Л. Шлосберг: Во-первых, мы со Светланой заканчивали один и тот же исторический факультет Псковского пединститута. Я хорошо знаю её тексты, потому что так сложилось, что в 2002 году я её опосредованно, но потом очень адресно пригласил в журналистику. Я был тогда редактором газеты «Псковская губерния», и мы искали новое поколение свободных независимых журналистов. На всех досках объявлений факультетов Псковского пединститута мы развесили объявления: «Хочешь заниматься независимой журналистикой? Звони!» И телефон, хочу сказать, был указан не мобильный — у нас не было тогда мобильных телефонов. Телефон был указан стационарный.

И одним из тех людей, кто откликнулся на это объявление, была выпускница исторического факультета, именно тогда, летом 2002 года получившая диплом Светлана Прокопьева. Она принесла два текста. У нас было условие прихода в редакцию — нужно было принести два любых текста в разных жанрах.
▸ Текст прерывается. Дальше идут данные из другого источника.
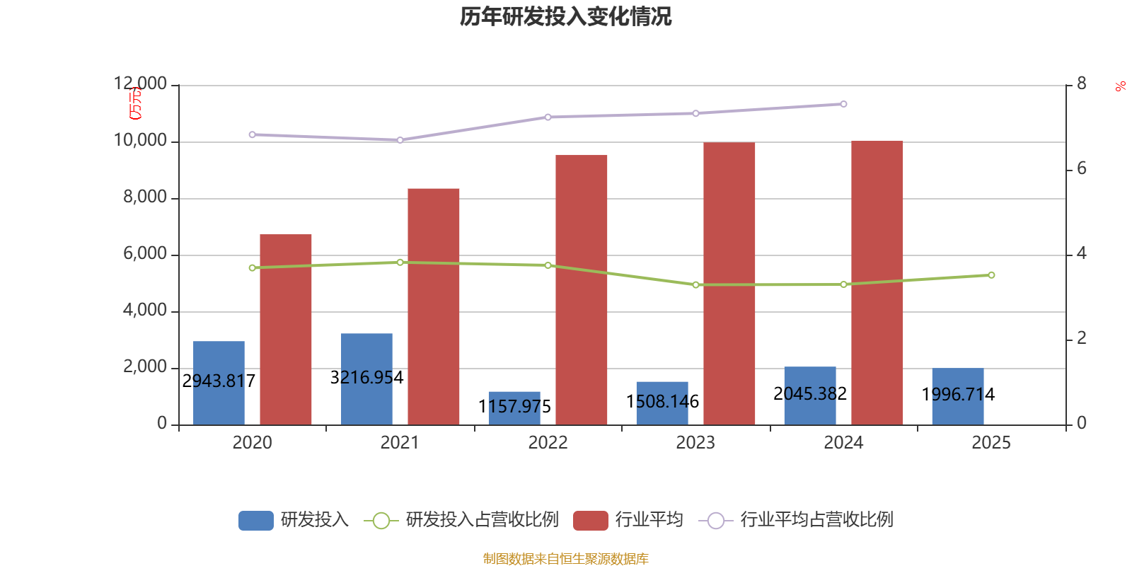 2025年全年,公司研发投入金额为1996.71万元,同比下降2.38%;研发投入占营业收入比例为3.52%,相比上年同期上升0.22个百分点。此外,公司全年研发投入资本化率为0%。

Я их читал и по этим текстам понимал, получится из человека журналист или не получится. Я прочитал тексты Прокопьевой и понял, что журналист из неё получится. И сказал ей об этом: «Давайте работать».

Соответственно, у меня есть своя внутренняя моральная ответственность за все происходящие сейчас события. Поэтому, прочитав текст Прокопьевой, уже понимая, чем это всё может закончиться, я абсолютно узнал её стиль, её язык, её высшее историческое образование, потому что там есть ассоциации с XIX веком в российской истории. В общем, это обычный текст Светланы Прокопьевой, который она могла написать не только по этому поводу. Подумать в момент чтения текста, что сейчас за него зацепится система и вытащит 205-ю, 2-ю, на мой взгляд, невозможно, потому что в нём на самом деле нет никаких высказываний ни в контексте, ни буквально, которые бы оправдывали терроризм. Поэтому предугадать, что может прилететь пуля с этой стороны, я бы не смог.

Н. Солодников: А когда вы в последний раз сталкивались с текстами, — пускай это будет не псковское «Эхо Москвы», а просто «Эхо Москвы», федеральное, где очень много текстов, любое другое СМИ, — которые бы вы, если бы вы были главным редактором этого СМИ, никогда в жизни его не выпустили?

Л. Шлосберг: Вы знаете, «Эхо Москвы» — это совершенно отдельный случай.

С одной стороны, я читаю много. С другой стороны, у меня всё-таки выключился взгляд редактора. Когда вы являетесь редактором конкретного медиа и прочитываете тексты, то взгляд редактора — это сканер. Когда человек перестаёт работать главным редактором, он, может быть, не сразу, но постепенно становится читателем.

То есть взгляда редактора, который должен найти тот знак препинания, который налит свинцом, — у меня сейчас такого, наверное, нет. Я считаю, что нет оснований плакать и расстраиваться — в России много хороших авторов, хороших журналистов. Если заниматься только чтением, то хватит на весь век. Слава богу, язык не иссяк.

Но читать с мыслью: «А что будет, если этот текст просветят другим сканером?» — это сдвиг по фазе. Я бы не хотел, чтобы такой сканер сидел у меня в голове, потому что это шизофрения.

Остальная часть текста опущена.